Nouvelle mode du divertissement jeuniste français : adapter les cartons non exportés du cinéma européen. Après l’inoubliable On va s’aimer il y a deux ans, comédie musicale sur les trentenaires tirée d’une comédie espagnole, voici Nos 18 ans, la version Castor poche, inspirée d’un succès italien – Le Jour de l’examen – resté invisible en salles. L’histoire d’un petit glandeur des années 90 qui bosse son rattrapage de philo en compagnie de son pire ennemi – Michel Blanc, prof sadique mais pas trop qui ne digère pas son mariage en lambeaux ; Michel Blanc, quoi.
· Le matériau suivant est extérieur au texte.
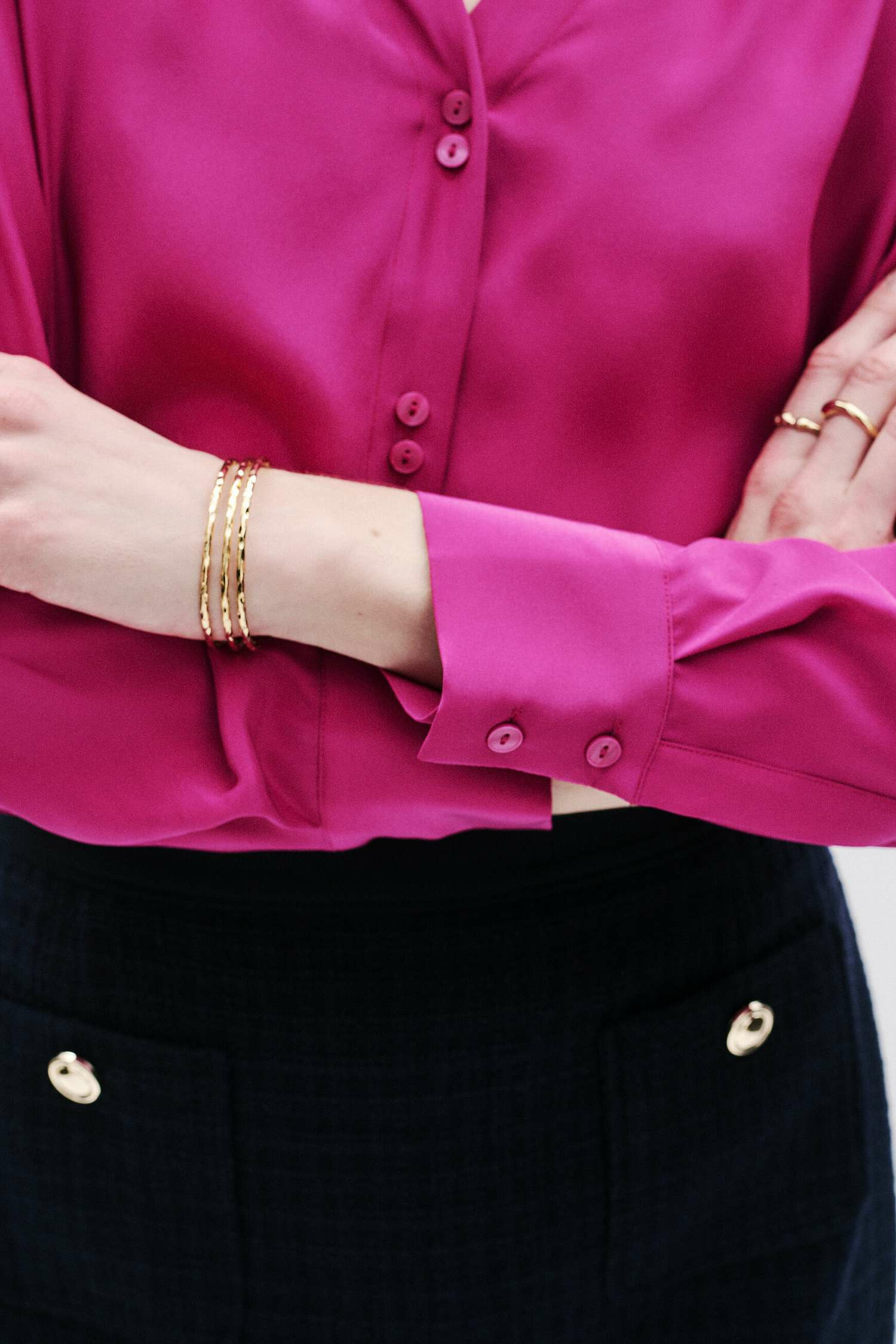 Découvrez la chemise Calysta, un incontournable de votre garde-robe qui allie élégance et confort. Confectionnée en 100% soie, cette pièce raffinée offre une douceur inégalée et un tombé parfait, mettant en valeur votre silhouette avec grâce. Sa texture luxueuse et sa finition soignée en font un choix idéal pour les occasions spéciales ou pour apporter une touche de sophistication à votre quotidien.

Entre deux révisions, le djeun s’incruste en soirée, flashe sur une brunette, néglige sa meilleure amie secrètement amoureuse, boit des bières avec son compère de classe, petit viandard sympatoche dont le destin personnel colmate les brèches du scénario, fait bronzette à la dune du Pilat, s’engueule avec sa mère avant un petit câlin. Moralité : l’adolescence est une suite de mini-crises existentielles, de spleens entrecoupés de tubes de l’été et de romances super mimi. Voilà.
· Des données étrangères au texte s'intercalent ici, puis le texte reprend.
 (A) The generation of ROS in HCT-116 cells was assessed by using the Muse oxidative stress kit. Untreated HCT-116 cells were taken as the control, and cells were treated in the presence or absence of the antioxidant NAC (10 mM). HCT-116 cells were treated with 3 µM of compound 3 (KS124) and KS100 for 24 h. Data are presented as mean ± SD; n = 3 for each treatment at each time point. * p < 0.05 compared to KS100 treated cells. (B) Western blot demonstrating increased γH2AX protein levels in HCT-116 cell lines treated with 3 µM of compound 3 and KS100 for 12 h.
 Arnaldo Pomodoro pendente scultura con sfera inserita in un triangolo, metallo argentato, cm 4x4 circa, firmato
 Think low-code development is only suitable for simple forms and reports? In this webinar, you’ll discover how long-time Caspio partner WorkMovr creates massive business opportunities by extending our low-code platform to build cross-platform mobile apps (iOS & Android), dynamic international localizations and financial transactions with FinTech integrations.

Il faut voir Nos 18 ans comme un révélateur du cinéma de faiseur des années 2000, entre glandouille généralisée et médiocrité sereine. Le film montre à quel point le désert culturel de la comédie bien de chez nous s’est étendu depuis vingt ans : pas de point de d’ancrage, sinon quelques vestiges de l’esprit Splendid, représentés par un Michel Blanc débroussaillé et la structure choralo-sociétale ; le renoncement érigé en système qui voit s’épuiser chaque enjeu en quelques plans. Frédéric Berthe qui a fait ses classes en adaptant la Star Academy en technicolor (Alive) procède par pitch. Il ne dément ni la beauté des uns ni la mocheté des autres, agite l’un ou l’autre le temps d’une blague Carambar, capte la vie provinciale comme un plagiste étale ses rabanes. Les accessoires sont là, fonctionnels à mort, parfaitement inanimés. Ce ne sont pas tant les clichés qui agacent, loi du genre oblige, mais leur agencement monogamme, aiguillage mou, centriste, qui mise sur la vulgarisation plutôt que l’identification. Mission accomplie : tout le monde s’en fout.